- [What is expected]:
Return each line of the data below verbatim; pictures are to be left out.

- [Data provided]:
##############################
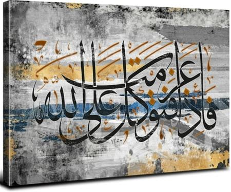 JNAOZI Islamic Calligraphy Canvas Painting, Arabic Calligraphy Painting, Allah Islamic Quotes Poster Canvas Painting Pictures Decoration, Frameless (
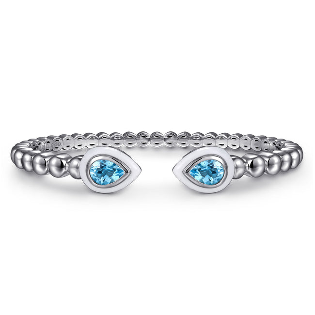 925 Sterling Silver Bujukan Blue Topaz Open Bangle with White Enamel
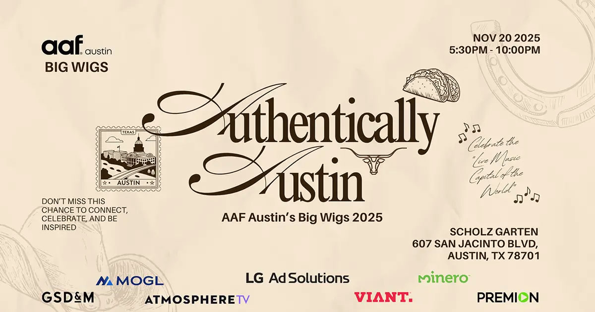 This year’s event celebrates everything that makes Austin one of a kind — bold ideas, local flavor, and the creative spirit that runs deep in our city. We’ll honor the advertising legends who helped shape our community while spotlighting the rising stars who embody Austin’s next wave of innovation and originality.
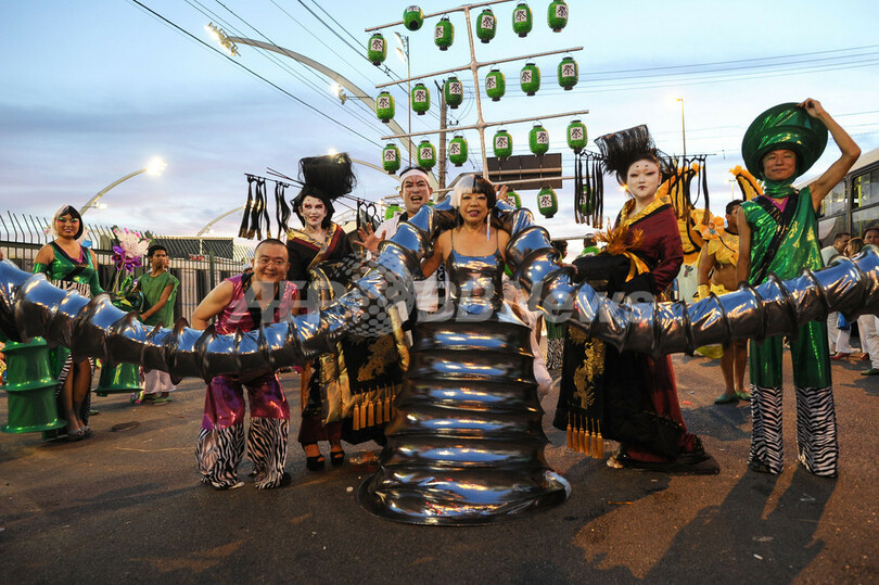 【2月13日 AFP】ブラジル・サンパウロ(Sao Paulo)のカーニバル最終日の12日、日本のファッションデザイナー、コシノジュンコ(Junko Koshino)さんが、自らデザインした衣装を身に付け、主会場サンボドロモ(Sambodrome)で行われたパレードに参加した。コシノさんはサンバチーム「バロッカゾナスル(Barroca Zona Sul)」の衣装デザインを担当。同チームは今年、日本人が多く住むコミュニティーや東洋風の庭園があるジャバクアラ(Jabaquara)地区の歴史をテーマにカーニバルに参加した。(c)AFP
##############################
- [Solution]:
 JNAOZI Islamic Calligraphy Canvas Painting, Arabic Calligraphy Painting, Allah Islamic Quotes Poster Canvas Painting Pictures Decoration, Frameless (
 925 Sterling Silver Bujukan Blue Topaz Open Bangle with White Enamel
 This year’s event celebrates everything that makes Austin one of a kind — bold ideas, local flavor, and the creative spirit that runs deep in our city. We’ll honor the advertising legends who helped shape our community while spotlighting the rising stars who embody Austin’s next wave of innovation and originality.
 【2月13日 AFP】ブラジル・サンパウロ(Sao Paulo)のカーニバル最終日の12日、日本のファッションデザイナー、コシノジュンコ(Junko Koshino)さんが、自らデザインした衣装を身に付け、主会場サンボドロモ(Sambodrome)で行われたパレードに参加した。コシノさんはサンバチーム「バロッカゾナスル(Barroca Zona Sul)」の衣装デザインを担当。同チームは今年、日本人が多く住むコミュニティーや東洋風の庭園があるジャバクアラ(Jabaquara)地区の歴史をテーマにカーニバルに参加した。(c)AFP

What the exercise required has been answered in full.